Marlena mengangguk lalu melirik ke arah Maritha. Maritha hanya mengangguk kecil. Dia juga sama dengan yang lain, gelisah bimbang dan berada di posisi serba salah.
Marlena menarik napas dalam-dalam. Lalu kembali menatap Thomas yang masih menunggu keputusannya dengan rasa cemas.
"Kamu tahu, sulit sekali rasanya melepaskanmu di malam pernikahan kita ini, Thomas." Suara Marlena sudah terasa berat. Gundukan air mata di matanya semakin tebal. Thomas melihat itu, ikut berkaca-kaca. Dia tidak tega sebenarnya. Tetapi mau bagaimana lagi, dia harus mengambil cincin itu.
Paman Hisyam tiba-tiba maju dan berdiri di dekat mereka, "Apa kamu yakin, Thomas? Ini malam pernikahan kalian. Apa kalian bisa memastikan jika nanti semuanya akan baik-baik saja?" dia menyela ucapan Marlena.
Marlena menggigit bibir bawahnya. Tubuhnya seketika gemetaran usai mendengar ucapan Paman Hisyam.
"Paman, aku berjanji akan memastikan bahwa semuanya akan baik-baik saja. Percayalah padaku. Karena cincin itu akan membawa keberuntungan." Thomas mencoba meyakinkan Paman sekaligus semua orang yang ada di ruangan itu.
Paman Hisyam terdiam. Di pikirannya dipenuhi dengan kegelisahan. Sebenarnya dia ingin melarang Thomas pergi. Akan tetapi tekadnya yang kuat, membuat Paman Hisyam hanya mengangguk pasrah pada akhirnya.

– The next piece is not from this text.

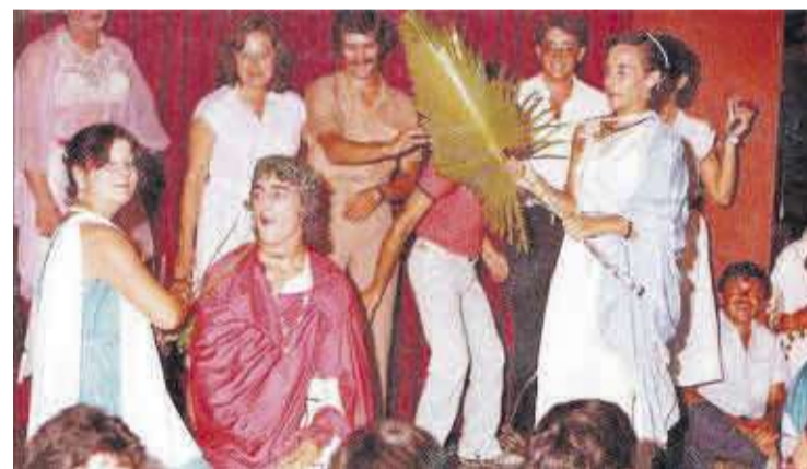
Ofrecía a los clientes música techno y gran número de espectáculos que formaron una combinación tan atractiva, convirtiéndola en un punto de encuentro.

muchas personas que se conocieron en su pista y más tarde 33 fueron pareja, llegando en muchos casos a ser matrimonio.
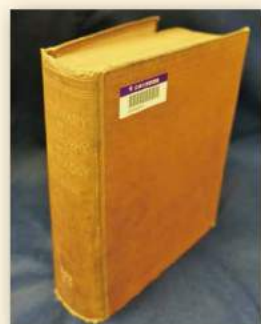
Dictionary of Philosophy and Psychology

現在、図書館の蔵書は約190万冊ありますが、登録番号は00000001番から始まり、大会計基準が整備された1970年代からは年度ごとの一連番号になり、1980年代に業務がコンピュータ化されて以降は51000001から新たに番号付けが始まっています。

"Baiklah, Thomas. Kami akan mengizinkanmu pulang. Berjanjilah padaku, Thomas. Jagalah dirimu baik-baik di perjalanan." Marlena menggenggam tangan Thomas erat-erat. Air matanya pun mengalir. Dia tidak mampu menahannya lagi.
Thomas menarik tubuh Marlena dan memeluknya. Dia bisikan kata untuk menenangkan dan meyakinkan kekasihnya itu.
"Aku akan berjanji demi aku, demi kamu dan demi kita semua, Marlena." Thomas memegang kedua pipi Marlena. Jari-jarinya mengusap air mata Marlena yang terus-menerus mengucur.
Marlena mengangguk. Meskipun anggukan itu tidak mempunyai arti yang mendalam, dia tidak ingin membuat Thomas ragu. Biarkan Thomas pergi dengan penuh percaya diri dan tanpa sedikit pun keraguan di dalamnya, itulah yang diyakini Marlena.
***
Jam 3 pagi, Thomas sudah berada di bandara diantar Marlena dan Santos. Mereka masih menunggu sampai keberangkatan Thomas tiba.